# [Data below]

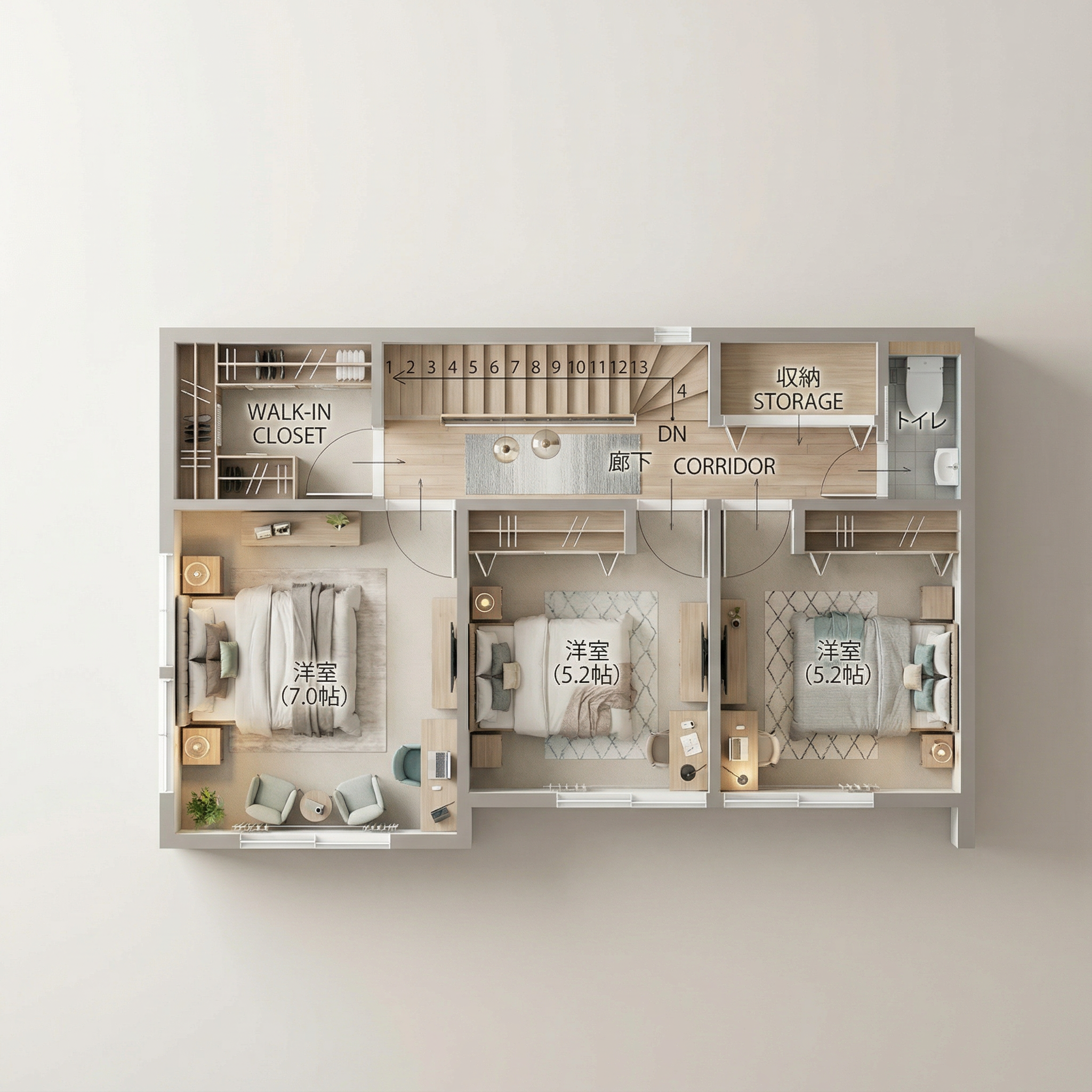 1階には各所に収納スペースを確保し、生活動線上に“しまう場所”が存在。さらに2階には3部屋を備え、ウォークインクローゼットを含む各部屋に収納をしっかり配置。
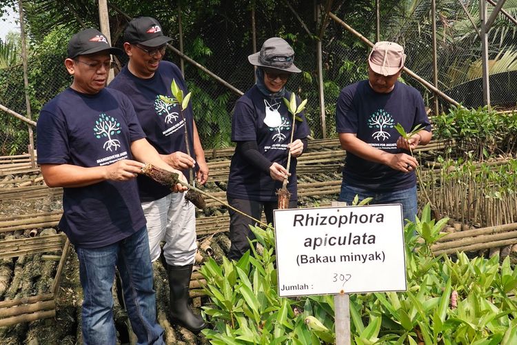 Balai Konservasi Sumber Daya Alam (BKSDA) Jakarta bersama Yayasan Konservasi Alam Nusantara (YKAN) dan Dow Indonesia melakukan penanaman mangrove di Kawasan SM Muara Angke, Jakarta, Kamis (13/7/2023).
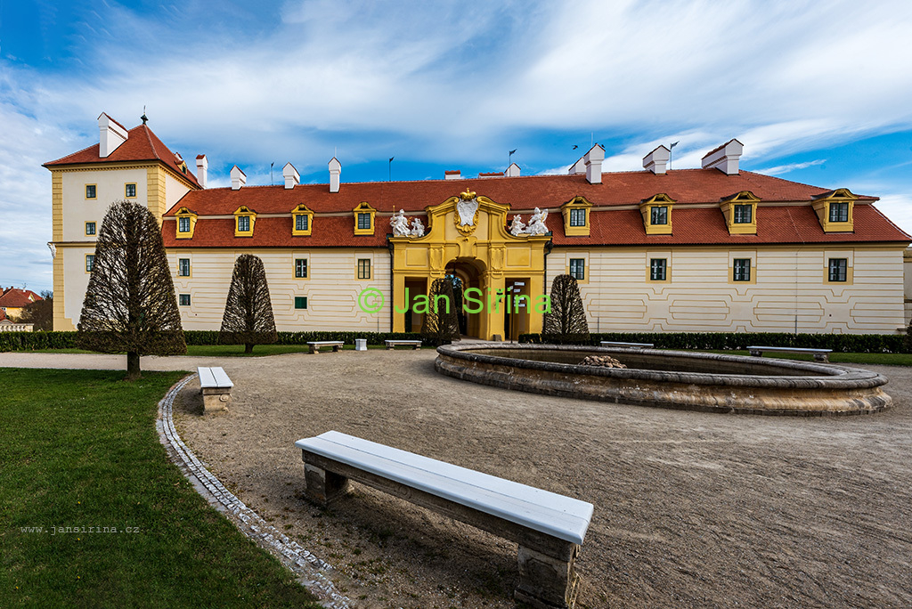 Nádherný zámek Valtice na jižní Moravě nedaleko hranic s Rakouskem během jarního odpoledne (Amazing Valtice chateau in South Moravia region near borders with Austria during springtime afternoon)

# [The task]
Copy the data above word for word. Pictures stay out.

# [Answer to this problem]
 1階には各所に収納スペースを確保し、生活動線上に“しまう場所”が存在。さらに2階には3部屋を備え、ウォークインクローゼットを含む各部屋に収納をしっかり配置。
 Balai Konservasi Sumber Daya Alam (BKSDA) Jakarta bersama Yayasan Konservasi Alam Nusantara (YKAN) dan Dow Indonesia melakukan penanaman mangrove di Kawasan SM Muara Angke, Jakarta, Kamis (13/7/2023).
 Nádherný zámek Valtice na jižní Moravě nedaleko hranic s Rakouskem během jarního odpoledne (Amazing Valtice chateau in South Moravia region near borders with Austria during springtime afternoon)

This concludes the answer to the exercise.